WHAT NEEDS TO BE DONE :: Copy the lines of the data below exactly, starting at the first and stopping after the line that contains "Kaza nedeniyle otobüsün"; include no pictures.

GIVEN MATERIAL ::
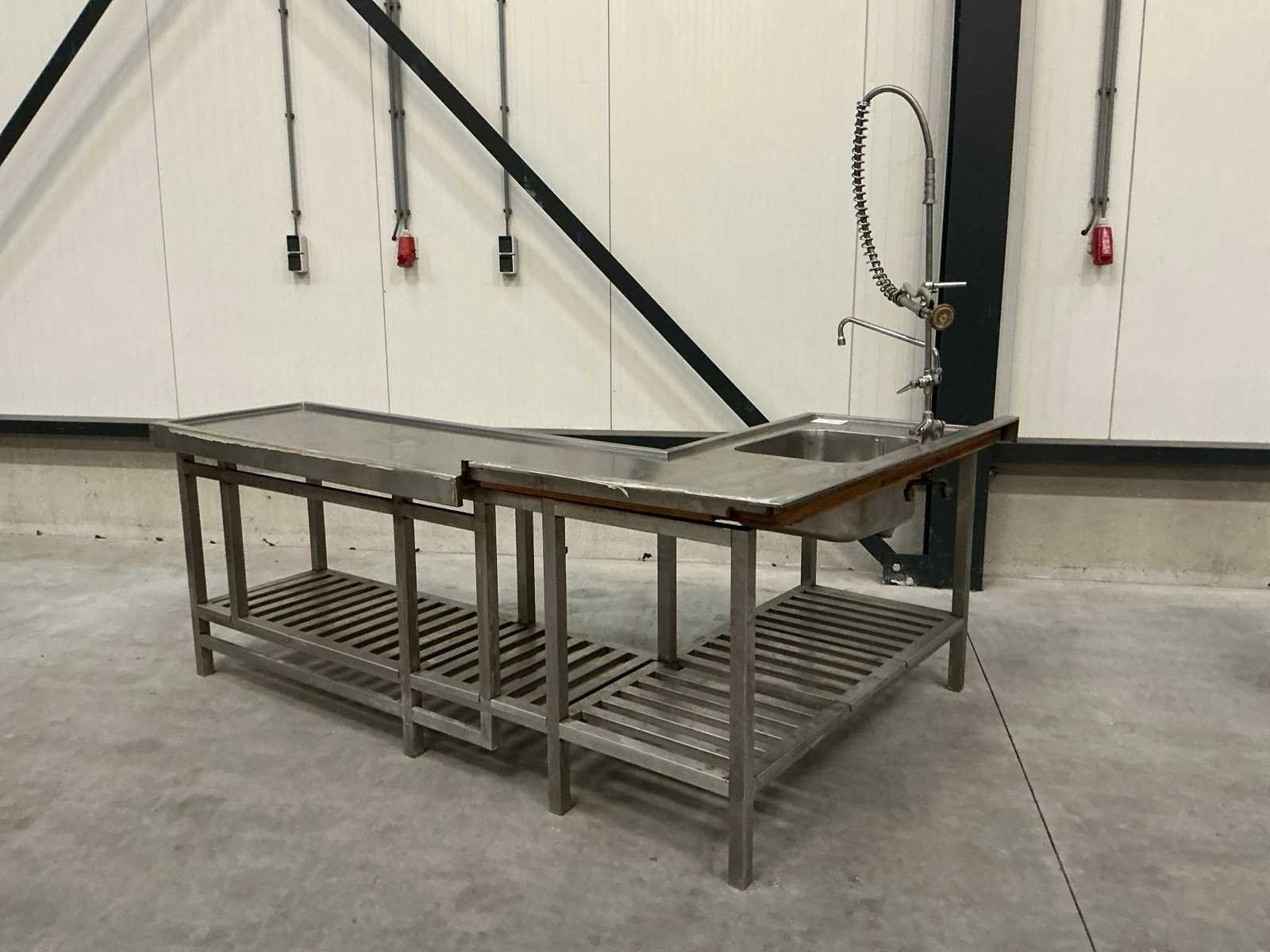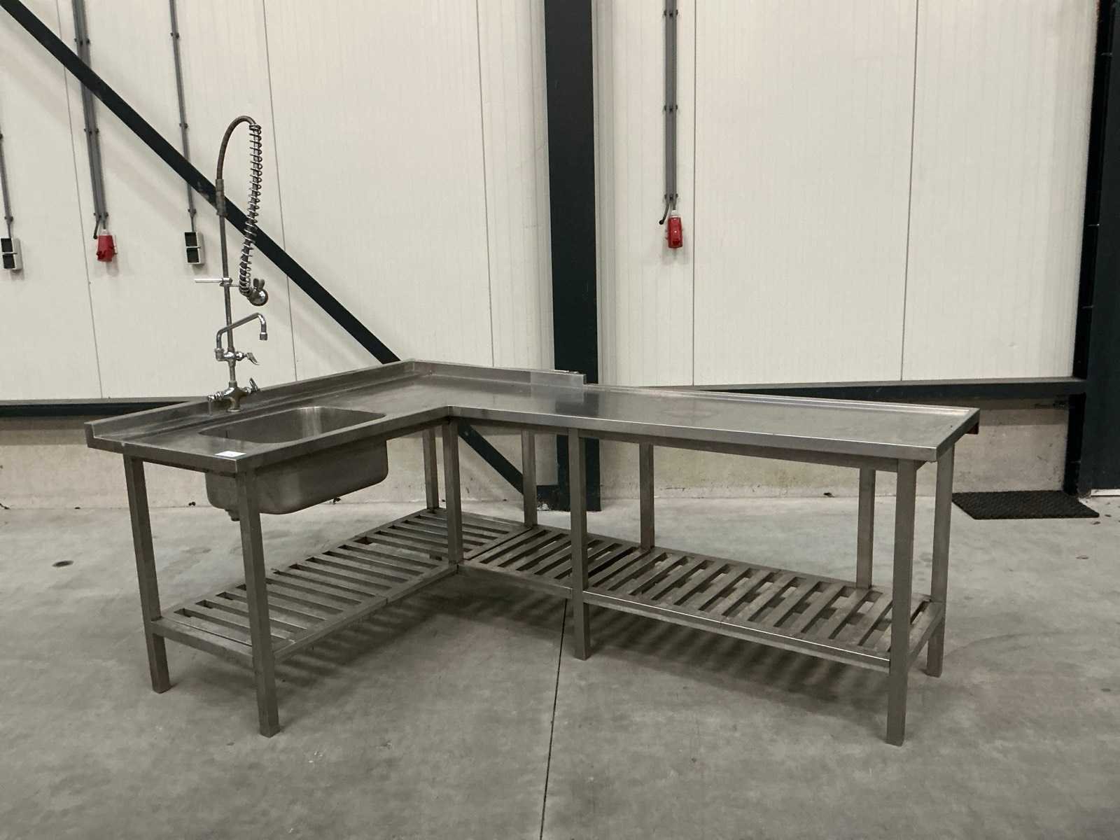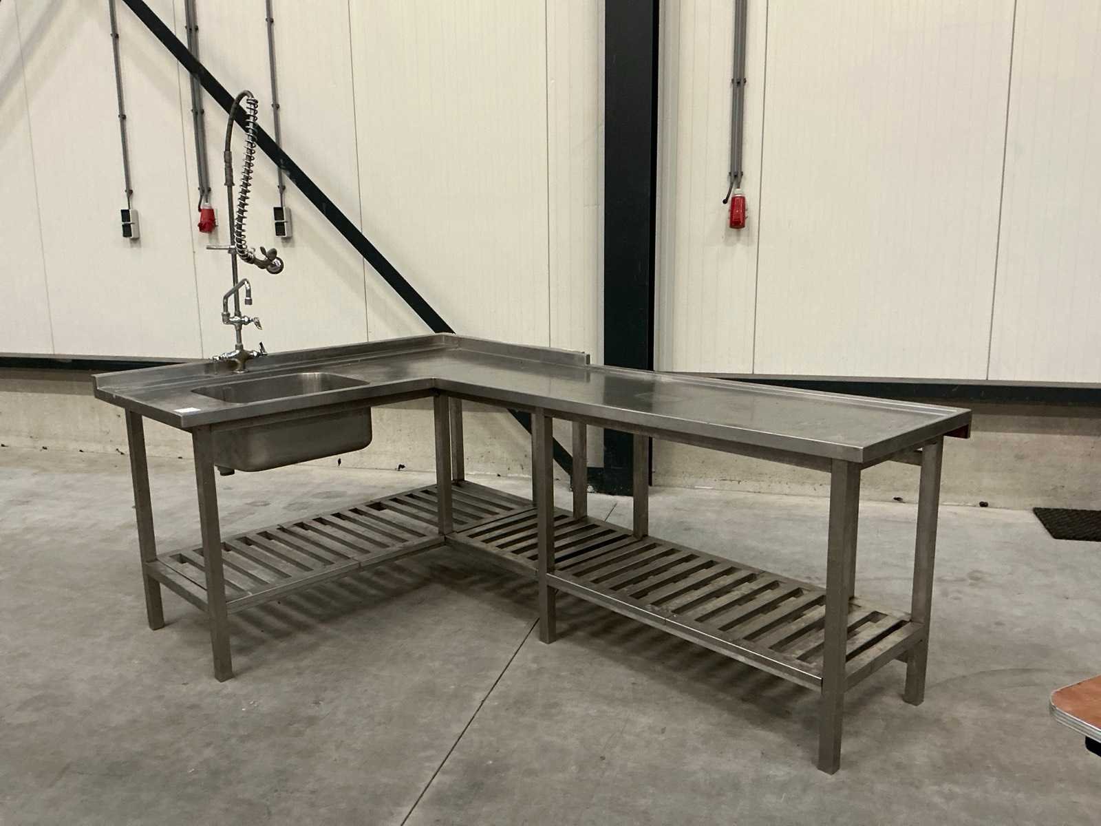 Hoekopstelling; spoelbak 50x40x25 cm; breedte spoeltafel 60 cm Aantal spoelbakken: 1pcs Rvs: true Lengte: 230cm Breedte: 148cm Hoogte: 86cm
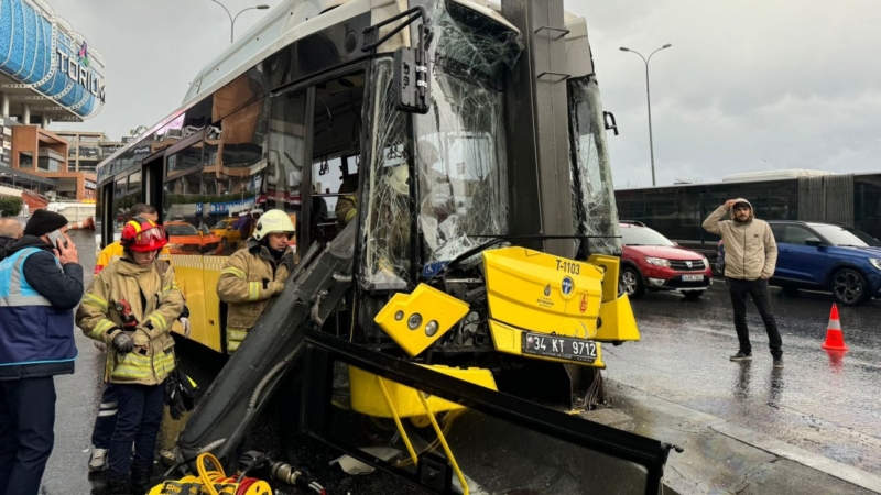 Kaza nedeniyle otobüsün şoförü araçta sıkışırken, bazı yolcular da yaralandı.
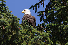 | Unsere Kanada Reise startete in Vancouver, Britisch Columbia und ging dann im ersten Teil über Victoria nach Ucluelet und Tofino auf Vancouver Island. Einen Bald Eagle, also einen Weißkopfseeadler wollte ich unbedingt sehen und sozusagen formatfüllend fotografieren. Große Hoffnungen hatte ich entlang der Küste im Pacific Rim National Park. Dort haben wir sie aber nur in großer Entfernung beobachten können. Immer war ich dazu mit der EOS 7 D Mark 2 und dem 100-400 L Objektiv unterwegs. Am Mittag zum Essen in Tofino dachte ich, ich bräuchte die lange Brennweite nicht. Aber ausgerechnet in Tofino direkt an einer Straßenkreuzung saßen zwei Bald Eagle ganz entspann in einem Baumwipfel und beobachteten das rege Treiben. Glücklicherweise war das in der Nähe des geparkten Auto und ich konnte die Ausrüstung noch schnell tauschen ... |
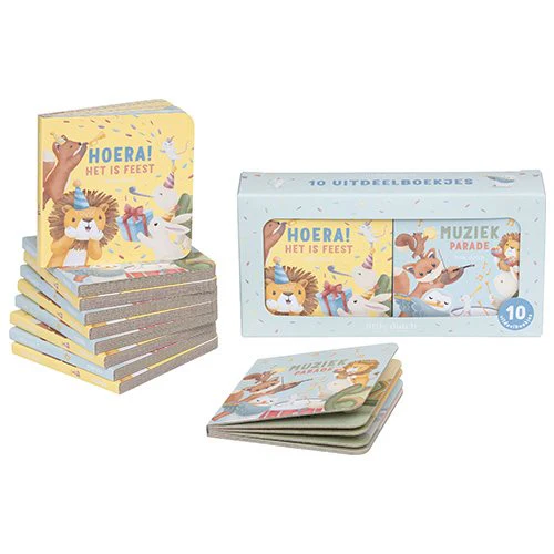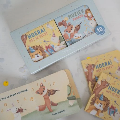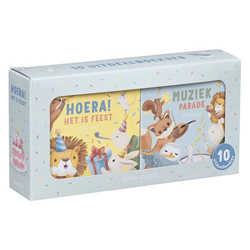 With the giveaway booklets from Little Dutch you make every party even more fun. This set of 10 small booklets contains two cheerful titles: Hooray! It’s a party! and Music Parade. Perfect for little children’s hands and ideal for handing out at birthdays, at school, or as a thank you after a fun playdate.

EXPECTED ANSWER ::
 Hoekopstelling; spoelbak 50x40x25 cm; breedte spoeltafel 60 cm Aantal spoelbakken: 1pcs Rvs: true Lengte: 230cm Breedte: 148cm Hoogte: 86cm
 Kaza nedeniyle otobüsün şoförü araçta sıkışırken, bazı yolcular da yaralandı.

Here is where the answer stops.